On the stability of MOPO4 structure types with M: V, Mo, Nb, W, Ta, Sb

Transition metal oxide phosphates MOPO4 have recently attracted interest due to their catalytic and electronic properties, and as electrode material. In order to predict possible polymorphs that have hitherto not been prepared, we present a systematic theoretical study on the stability of four known MOPO4 structure types, beta-VOSO4, alpha-MoOPO4, SbOPO4 and monophosphate tungsten bronzes (MPTB) with six transition and main group metals that are interesting due to their catalytic activity (M: V, Mo, Nb, W, Ta, Sb). Harmonic frequencies and Crystal Orbital Hamilton Populations (COHP) were computed to verify and predict the stability and interpret the bond strengths, respectively, of the optimized structure models. The M-O bond strength has only a minor influence of the polymorph formation, but its vibrational contribution to the thermodynamic functions has a substantial effect. Based on the electronic energy calculated with the hybrid density functional PW1PW, every thermodynamical stable polymorph could be identified.

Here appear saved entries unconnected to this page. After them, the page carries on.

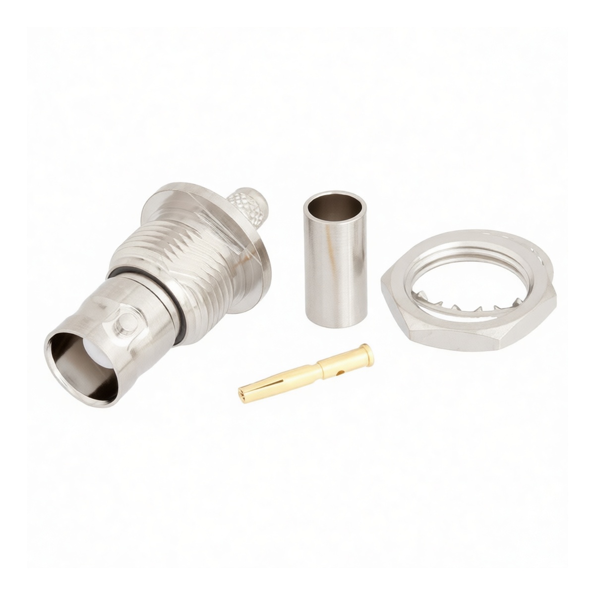 This BNC bulkhead female connector delivers reliable RF performance for RG58, PE-C195, PE-P195, and LMR-195 coaxial cables. Constructed from durable copper, it features a robust design with isolated grounding to minimize signal interference. The unit utilizes precise crimp termination methods for both the center pin and outer ferrule, ensuring secure mechanical connections and consistent electrical continuity. Rated for 300V and 2A, this connector is engineered for demanding industrial applications requiring stable signal transmission in compact panel-mount configurations.
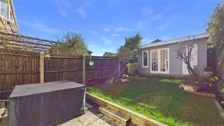 Externally, the rear garden is predominantly laid to lawn with a patio area, creating an ideal setting for outdoor dining and summer enjoyment. A particular feature of the property is the detached garden cabin, currently providing excellent additional space that could suit a home office, gym or studio.
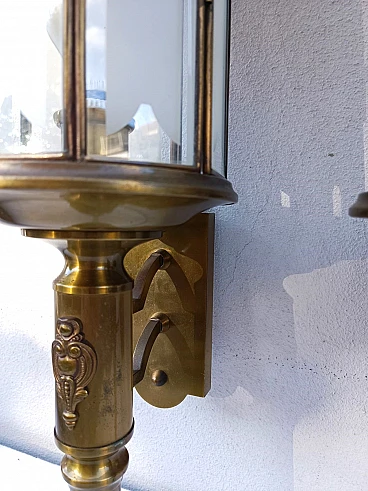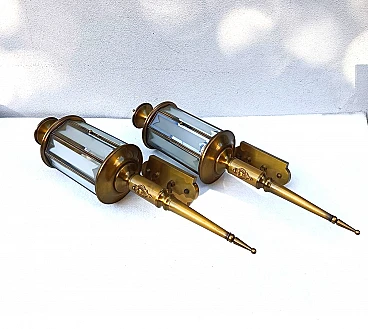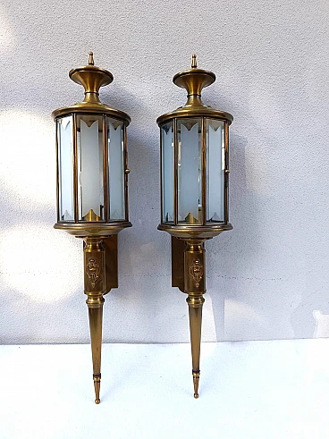 Coppia di applique in bronzo dorato e vetro, anni '60
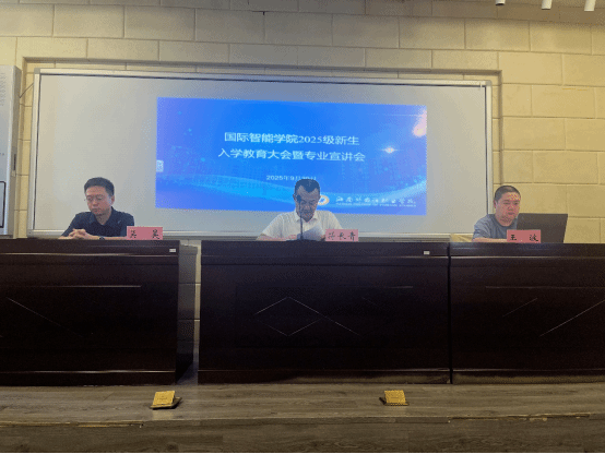 2025年9月30日上午,海南外国语职业学院国际智能学院2025级新生入学教育大会暨专业宣讲会在综合楼AE101学术报告厅隆重召开。国际智能学院书记符长青、院长王波教授、副院长吴昊以及国际智能学院全体专任教师、辅导员和全体2025级新生共同参加了这场开启大学新篇章的重要活动。

The predictions of polymorph formation are in agreement with the experimental observations of VOPO4, NbOPO4 and TaOPO4, while the theoretical results for MoOPO4 and SbOPO4 show some deviations from the experimentally observed stability order.

Automated summary

Transition metal oxide phosphates MOPO4 have been studied systematically to predict their stability and polymorph formation. Computational methods were used to calculate bond strengths, vibrational frequencies, and crystal orbital Hamilton populations. The predicted polymorphs were in agreement with experimental observations, except for MoOPO4 and SbOPO4.